How can I change this code, so that the other part of the string after the last slash can be shown?
Thanks
Using strsplit
> sapply(strsplit(x, "/\\s*"), tail, 1)
[1] "my" "cat" "is" "handsome"
Another way for gsub
> gsub("(.*/\\s*(.*$))", "\\2", x) # without 'unwanted' spaces
[1] "my" "cat" "is" "handsome"
Using str_extract from stringr package
> library(stringr)
> str_extract(x, "\\w+$") # without 'unwanted' spaces
[1] "my" "cat" "is" "handsome"
You could use
x <- c('test/test/my', 'et/tom/cat', 'set/eat/is', 'sk / handsome')

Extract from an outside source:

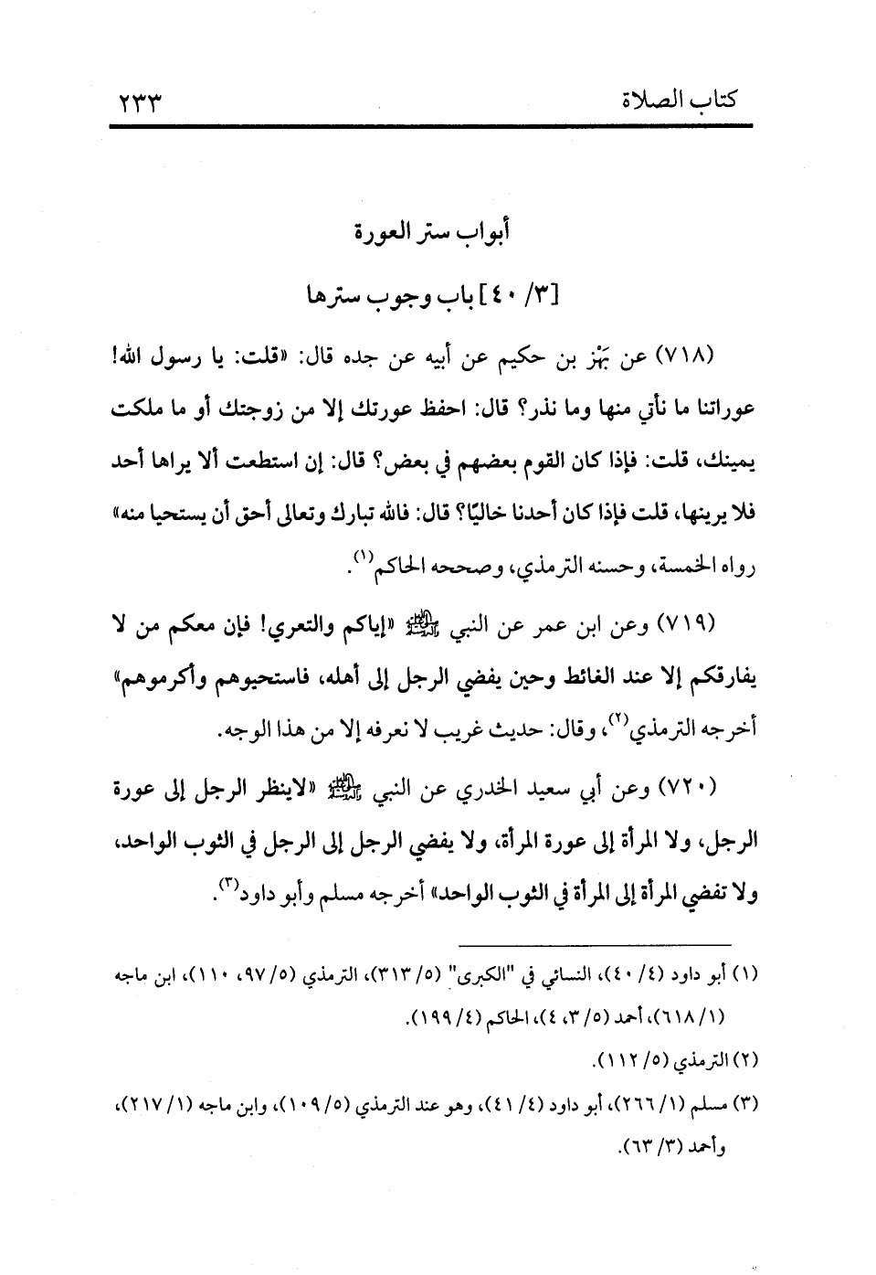 718 - عن بَهْز بن حكيم عن أبيه عن جده قال: «قلت: يا رسول الله! عوراتنا ما نأتي منها وما نذر؟ قال: احفظ عورتك إلا من زوجتك أو ما ملكت يمينك، قلت: فإذا كان القوم بعضهم في بعض؟ قال: إن استطعت ألا يراها أحد فلا يرينها، قلت فإذا كان أحدنا خاليًا؟ قال: فالله تبارك وتعالى أحق أن يستحيا منه» رواه الخمسة، وحسنه الترمذي، وصححه الحاكم (¬1) .
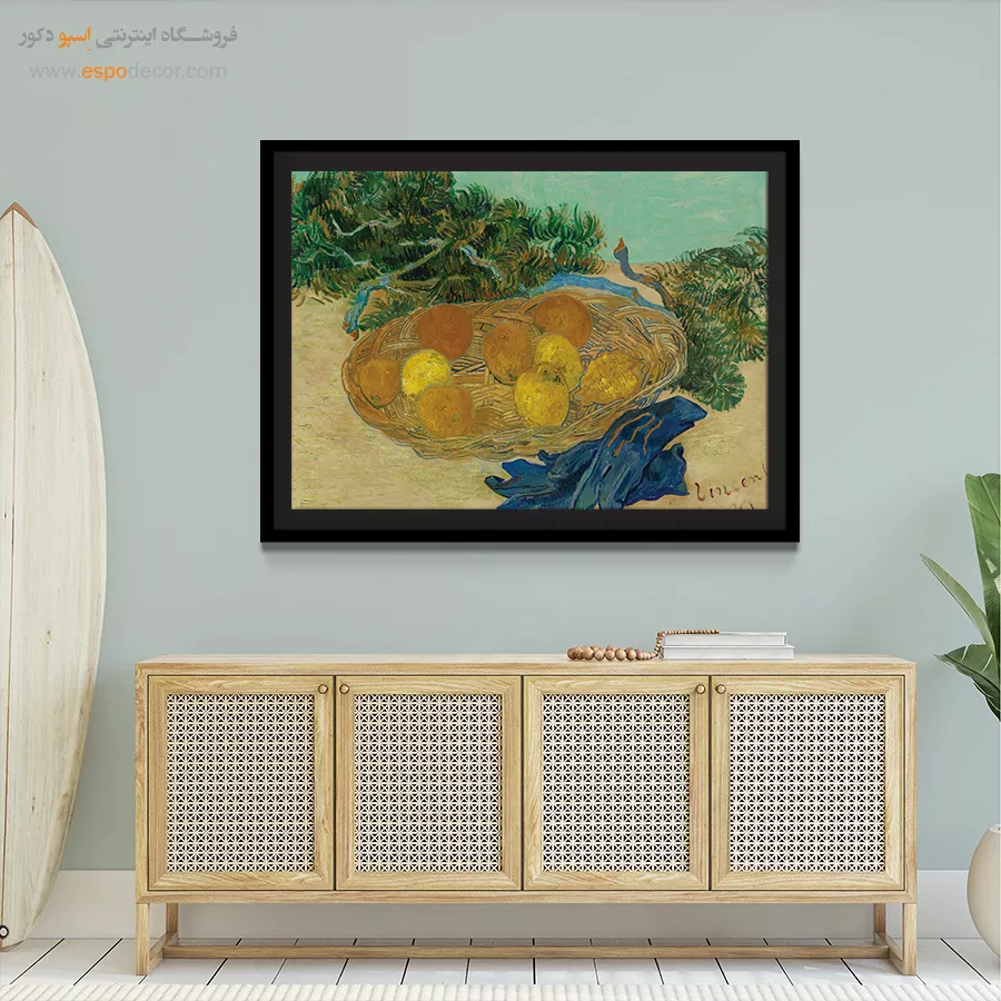 • انتخاب رنگ‌های مکمل یا متضاد: مانند تابلویی با تناژ نارنجی برای دیوار آبی، که تضاد جذاب و پویایی ایجاد می‌کند و تابلو را به نقطه کانونی تبدیل می‌کند.

gsub('^(?:[^/]*/)*\\s*(.*)', '\\1', x)
Which yields
[1] "my" "cat" "is" "handsome"
To have it in one sentence, you could paste it:
(paste0(gsub('^(?:[^/]*/)*\\s*(.*)', '\\1', x), collapse = " "))
^ # start of the string
(?:[^/]*/)* # not a slash, followed by a slash, 0+ times
\\s* # whitespaces, eventually
(.*) # capture the rest of the string
This is replaced by \\1, hence the content of the first captured group.